Accelerating brian2cuda simulation

Does brian2cuda automatically exploit 100% of the GPU power or there are some better practices such as setting particular preferences to speed up the simulation?

At the present time, I am using only this line of code:

set_device('cuda_standalone', directory='my_folder', compile=True)

I should also mention that I have one single .run(duration) call

Thank you very much in advance

Hi @lparr,

generally, there are a few preference that could be tweaked in Brian2CUDA, but if that would speed up your model would very much depend on the details of it. These performance tweaks are not yet documented in a very user-centric way. But here are the resources we have so far:

  1. You can find an automatically generated list of preferences on the Brian2CUDA documentation page, but they are not well documented for new users I’m afraid. Brian2CUDA specific preferences — Brian2CUDA 1.0.0 documentation
  2. Our publication can give you an idea on the speedups you can expect for different model types (for that, reading the result section and looking at figure 5 and maybe 6 and 7 is probably sufficient). There is also a lot of documentations of Brian2CUDA internals, but this might be very technical for a user simply wanting to speed up the simulation a bit :slight_smile: You find it here. But note, these benchmarks use always small numbers of NeuronGroups and Synapses objects and if you have many of them, that can currently effect the speedups you see.

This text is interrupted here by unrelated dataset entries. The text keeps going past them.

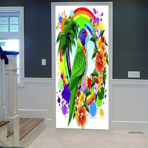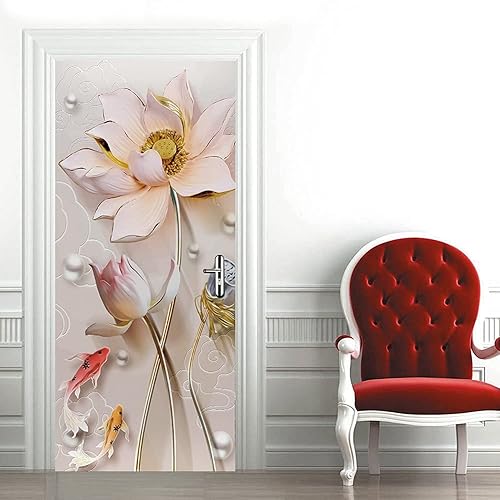 3D Stickers Porte Bijoux Lotus Rose Poisson Rouge 77 X 200 Cm Auto-Adhésif Mural Décoration De La Maison Sticker Mural Art Autocollant Chambre Salon Affiche Amovible - Photos De Porte - Peintures Mur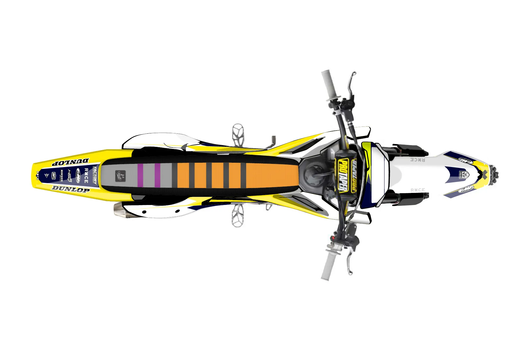 «FC450_01» — готовый комплект графики серии Flow для Husqvarna MX Graphic Kit Husqvarna FC450 2023. В комплекте: графика на бак и боковые облицовки, крылья (переднее и заднее), передний щиток, номерные таблички, защита вилки. Материал: ПВХ-винил 80 мкр с холодной ламинацией 300 мкр, общая толщина 380 мкр; покрытие глянцевое или матовое на выбор. Устойчив к UV-излучению, воде, бензину и мойке высокого давления. Клей акриловый на сольвентной основе — постоянный, для гибких пластиков. На простых поверхностях монтируется без нагрева; для сложных изгибов рекомендуем фен. Этот пресет можно заказать как есть или взять за основу в конструкторе: поменять цвета, добавить стартовый номер и свой бренд. Производство — 3–5 рабочих дней, доставка по России СДЭКом или Почтой, по СНГ — курьерскими службами.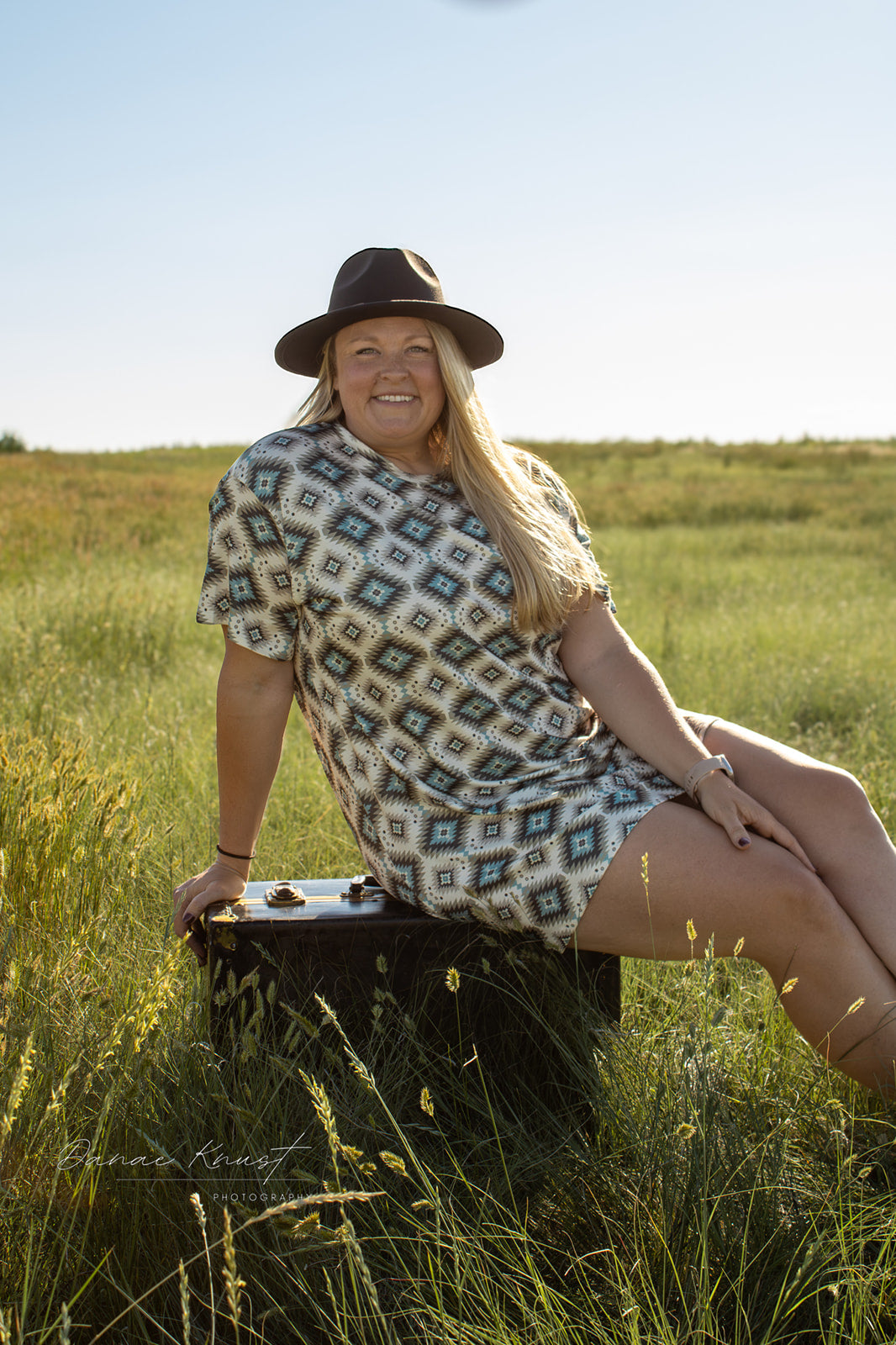 The In the Wild Dress is a versatile addition to your wardrobe. Featuring a T-shirt short sleeve design and round neck, this dress showcases a beautiful Ivory light blue Aztec pattern. Made with soft and comfortable materials, it brings a touch of western charm to any outfit.

Having said that, I would maybe first have a look at your model in general to get an idea if preferences are the solution at all. I would start with using Brian’s internal profiling option as documented here. In short, add a profiling=True option to your run call and then print(profiling_summary()) at the end of your simulation. This should tell you what part of your simulation takes up the most time. Feel free to post that here and I can give you hints for optimization.

The profiling summary only profiles everything happening inside the time loop, that means no compilation or network initialization times. There are some cases where these can be significant, so I would additionally record the execution time of your run call (time.time() before and after).

I would also do the same (profiling and time run call) with set_device("cpp_standalone") to have a comparison. Not all models are suitable for acceleration with Brian2CUDA, this will give you an idea if that is the case.

Generally, here are a few model features that are important for Brian2CUDA performance. If you give me some numbers (or alternatively a link to your code), I might be able to help you speed things up:

  • How many NeuronGroup objects of what size are you simulating
  • How many Synapses objects with how many synapses are you simulating, and - most importantly - do they have synaptic delays (and if so: do all synapses of the them Synapses object have the same or different synaptic delays)
  • How long is your simulation (duration argument in your run call) and what simulation time step are you using (if you didn’t change the defualt, it shoudl be 0.001 ms).

And last but not least, if you run into any kind of issue with Brian2CUDA, I would always first try your simulation in Brian2 C++ Standalone (set_device("cpp_standalone")). If the issue persists in C++ Standalone, it is likely an issue that is general to Brian’s Standalone mode (like the issue you had with variable initialization). In that case, @mstimberg will probably have the best solutions or you might find an answer in the Brian2 documentation :). Only if your issue is not present in C++ Standalone, it is likely an issue of Brian2CUDA.

1 Like